Profiling methylation status of tumor suppressor genes on chromosome 16 in human hepatocellular carcinoma in Taiwan

• Main Authors: Yi-Jiun Lin, 林怡君
• Other Authors: Chuan-Mu Chen
• Format: Others
• Language: zh-TW
• Published: 2004
• Online Access: http://ndltd.ncl.edu.tw/handle/95054143224977745689

碩士 === 國立中興大學 === 生物醫學研究所 === 92 === In Taiwan, hepatocellular carcinoma is the leading cause of cancer death. Hepatitis B virus and hepatitis C virus infections are the major contributing factors of hepatocarcinogenesis. Recent studies have reported that aberrant hypermethylation in the CpG-rich promoter regions of many tumor suppressor genes is associated with the lack of gene transcription and the development of hepatocellular carcinoma. Loss of heterozygosity on chromosome 16 is a common genetic alternation in human hepatocarcinomas, indicating the existence of tumor suppressor genes on this chromosome.
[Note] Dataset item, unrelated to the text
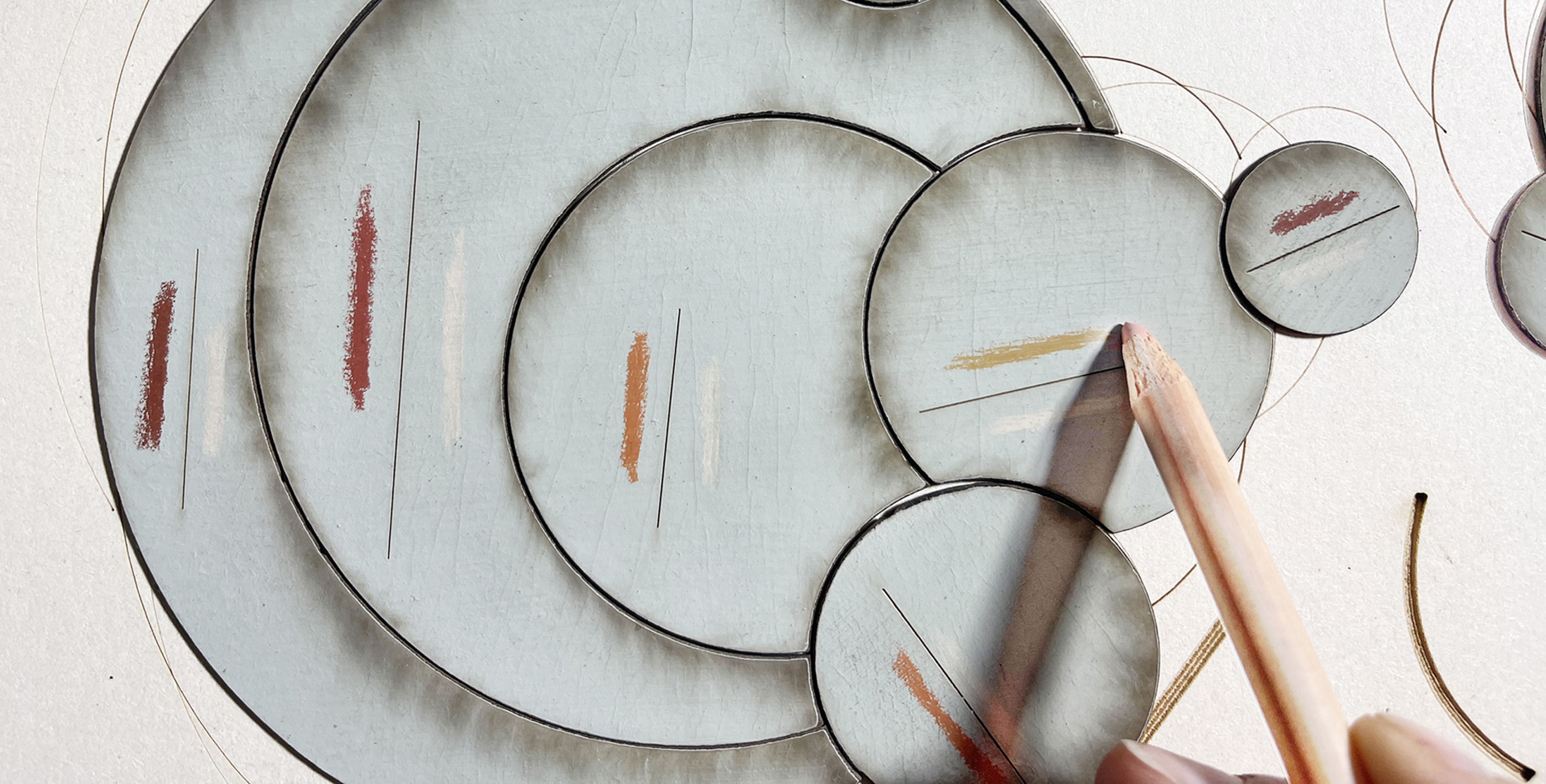 Each series originates from a shared geometric structure, unfolding through variations of rhythm, colour and material presence.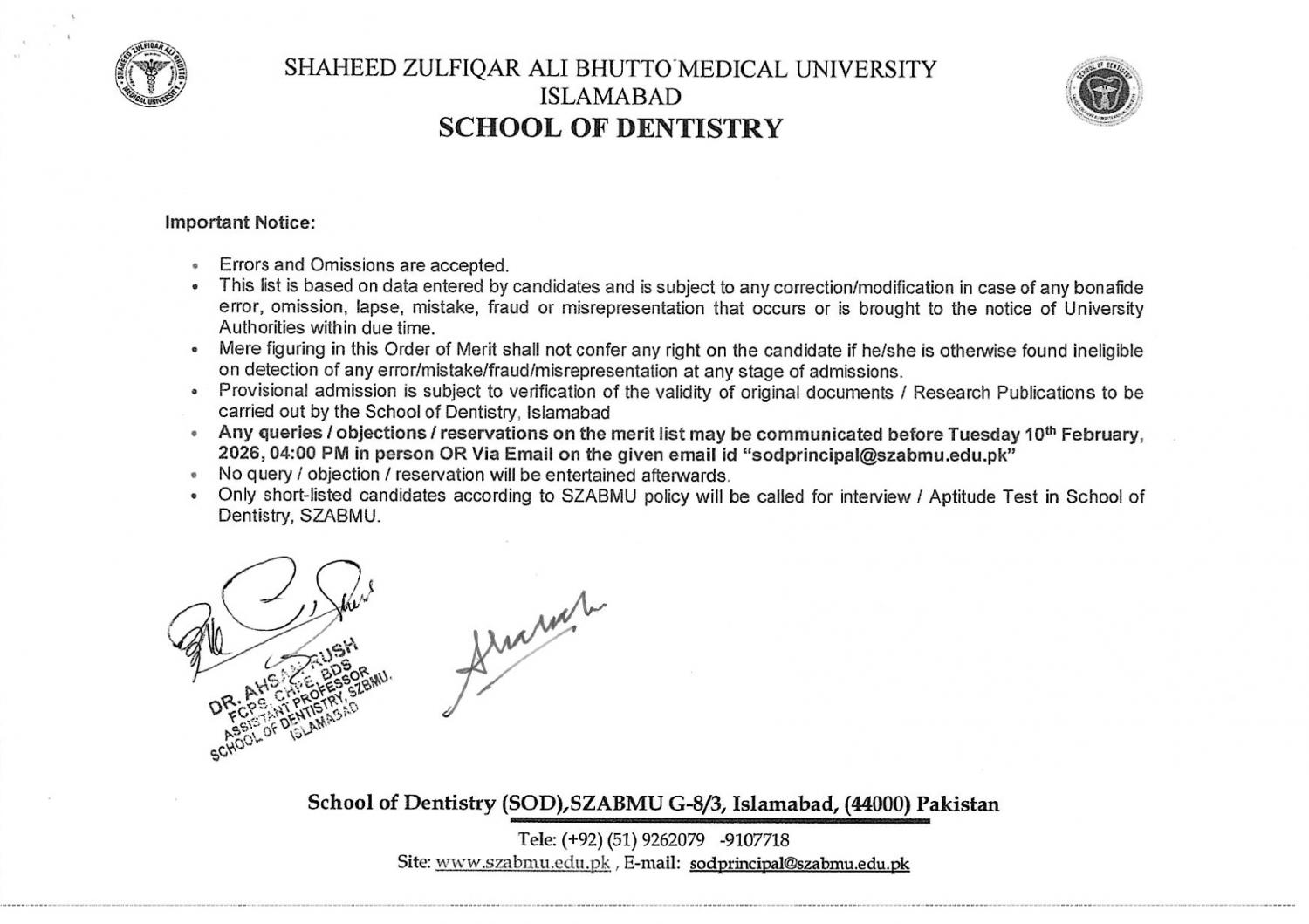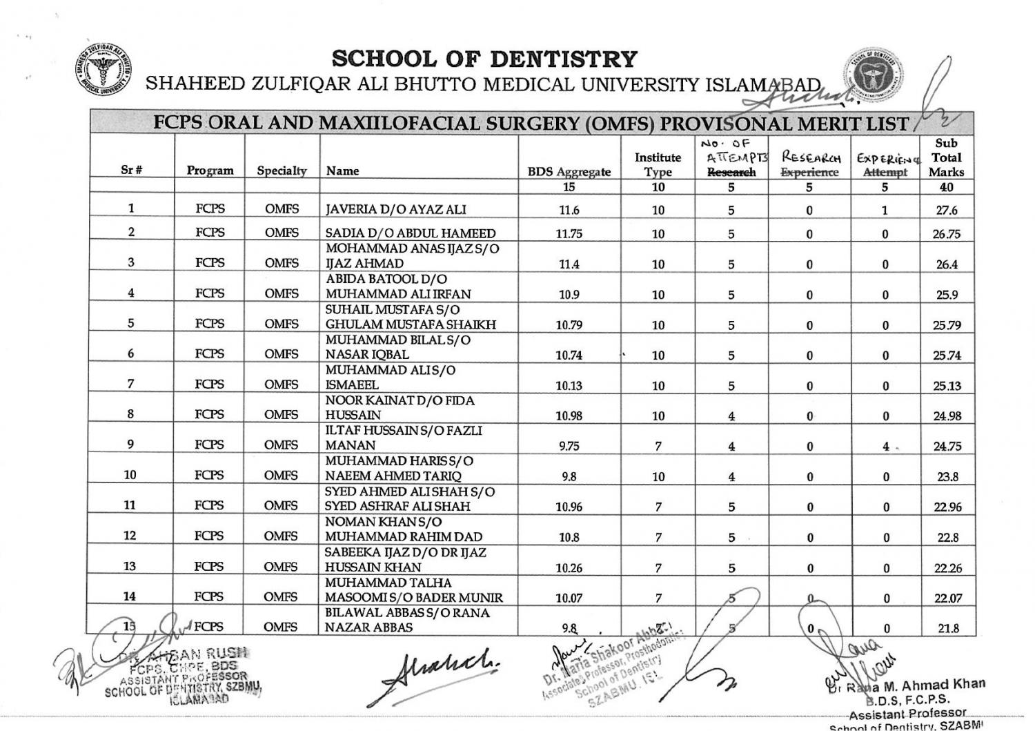 Provisional Merit List for OMFS Postgraduate induction FCPS and MDS, Session 2026

In this study, we focus on the gene mehtylation studies of hundreds hepatoma biopsies in five selected potential tumor suppressor genes, named TSC2, SOCS1, E2F4, CDH1 and CDH13 genes, which located on human chromosome 16. Aberrant methylation frequencies of this 5 genes detected by MS-PCR in 155 hepatoma pairs were39.4% for CDH13, 20.6% for SOCS1 and CDH1, 0% for TSC2 and E2F4. In mRNA expression assay, CDH13 gene hypermethylated hepatoma cells exhibited higher CDH13 mRNA level than its normal tissue pairs. This phenomenon has been demonstrated in three hepatoma cell lines that HA22T cell line with CDH13 gene hypermethylation obtained highest CDH13 mRNA expression, while HepG2 and Hep3B cell lines with CDH13 gene unmethylation showed no detectable CDH13 mRNA expression. In protein expression assay, CDH13 proteins appeared three different isoforms located on cytosol and membrane and differential display in three hepatoma cell lines. In CDH13 protein immunohistochemistry staining, overexpressed CDH13 protein has been detected in tumor vessels and hepatocytes in different hepatitis viruses-infected hepatoma cells. Finally, we found several transcription regulation factors, such as AP2-α, MZF1-4, n-Myc, and c-ETS, which located on the CpG island of CDH13 promoter region, have been hypermethylated in all 20 CpG sites in HA22T cell line. It may alter the regulation of transcription factors in CDH13 gene expression.